Friday, October 19, 2012

{Thankful Thursday | Mortality} Personal


I am reminded daily of how blessed I am. To have a job that pays my bills and puts food on my table, clothes my two kids. And I love my job... I truly love what I do. I also have to be honest in saying... sometimes it really overwhelms me. But what a blessing to be overwhelmed with work vs. not having the ability TO WORK. I am thankful. He takes care of me the same through the calm as He does the storm.

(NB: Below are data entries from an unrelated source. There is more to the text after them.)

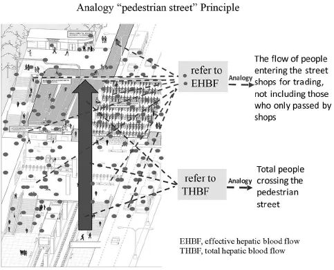 一条步行街有很多商铺,经过步行街的所有客流量可以比作全肝血流,走进各店铺完成购物的顾客可以比作有效肝血流,有过门而不入的顾客比作无效肝血流,有效肝血流≈全肝血流-无效肝血流。如下图[9]:
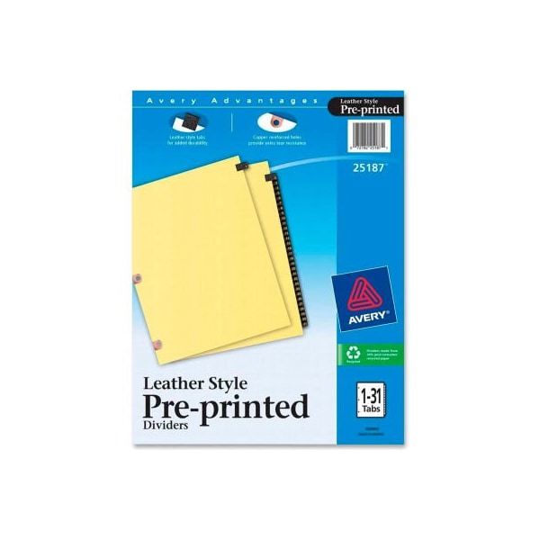Avery Black Leather Daily Tab Divider, Printed 1 to 31, 8.5"x11", 31 Tabs, White/White
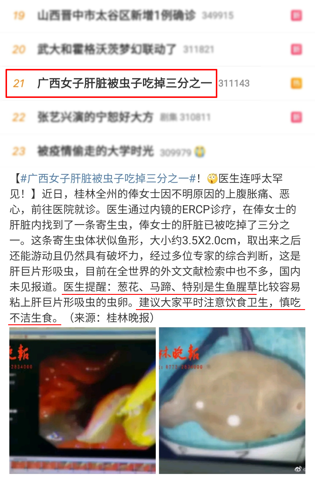 前两天,一则新闻上了热搜: “一女子肝脏被虫子吃掉三分之一!”

I have always been a very driven and productive person. I often wonder what I'd do without an insane schedule. :) But even more so now than ever...  I am more than ever grateful for having something that keeps me focused on blessings rather than deficits.

Going through the storms of life has made me realize that more people are hurting silently than we are often aware of... and to be compassionate. To pray more. To be thankful more. To listen more. To focus more on what I can control and be accountable for personally. To not fear. There is no fear in love. There is no fear in living. Fear itself is SO counterproductive to who we are to be.... to who we are becoming.

We all have our crosses to carry - you know? As the years pass - you hear of friends who have faced hardships, some who have lost and some who have won. None the less, we all face the hardships. Some we don't plan for or wish... at all. Yet here they are in front of us. And there's no way of getting around them, only through them.

I think about my friends who have faced SERIOUS hardships. Like cancer. Granted, I don't know what my days ahead hold. We pray for health - but sometimes life doesn't promise it. This past week I watched a video of a photographer who was diagnosed with ovarian cancer - she had two boys. She was my age. It broke my heart.. that out of nowhere - life is like that. Sometimes it just doesn't hand us a cross, it literally knocks us down with one, injures us and then tells us to carry it... oh - and it's heavy, weighs more than you and will at times seem impossible to carry... but you must carry it. Thank God for His strength. Because I watch these people with incredible testimony CARRY their cross, bravely, courageously.

“Courage is found in unlikely places.” 

Courageous ... such as Jen Thompson. If you have two minutes.. or three. Please click on that link.. watch her video. I promise you... like mine, your perspective will be changed - your priorities and view of mortality.. specifically life's brevity.

I don't understand why life is sometimes so unfair, so hard. Why we are handed things we don't deserve or even plan for... except that in life the balance hangs on good and bad. We all want the sweet, but sometimes the bitter is so hard to swallow.

All of this thought of mortality... and my own specifically... I started thinking about a bucket list today. It's not morbid to think about your mortality or your life and what you want to do with it... Because well... life is short. I know this b/c when I was 20 I thought I had the whole world ahead of me and all the time needed to conquer it. I realize that I blinked and ... here I am today at 36 not sure of where the time flew away to... but once time has flown away, you can't get it back.

You know... we ought to be thankful for the opportunity to complete even one item on a bucket list. Don't wait until your 50 or 70 to make one. Start working on it now. Start checking it off now too.

I want to see the world. Any part of that I can. I want to savor the light, the sound, the color and senses around me, the love I am given in life and at the end of a full day, sit back, reflect on it - none of it material possession - only time and space - and think... undoubtedly, I am BLESSED. To sit on a beach and watch a sunset is free. You don't get a free prize for attending other than the experience itself... Taking in the sound of the waves, the seagulls, the light as it shifts and changes, the colors of the sky as it paints itself in oranges, blues, indigos and crimsons, the smell of the sand and water carried in the breeze, the joy of a loved one sitting with you - and the TIME, simple time within those moments that make you gain perspective and clarity.. that is truly saying you lived a full life. To be able to take those moments in of time and space... and realize the GIFT they are... all of these aspirations in our short lives for accolades and possessions... and in the end all we ever really wanted was time and the simple but full moments that were painted with love and light. Why we chase our tails searching for anything else...

My unofficial bucket list... thus far:

  • Climb the pyramids of Egypt.
  • Photograph the Eiffel tower.
  • Photograph the Coliseum.
  • Eat true Italian food in the streets of Rome.
  • Be photographed by my inspiration Jessica Drossin. Just me and for me. And with Monarch butterflies. 
  • Spend the night on a beach.
  • See Jerusalem.
  • Visit the East Coast, DC and historical sites.
  • Research my ancestry and roots.
  • Visit my family in Alaska.
  • Take a big bite out of NYC.
  • Take a Mediterranean Cruise.
  • Have a place in Florida one day when I am old... complete with orange, lemon and lime trees.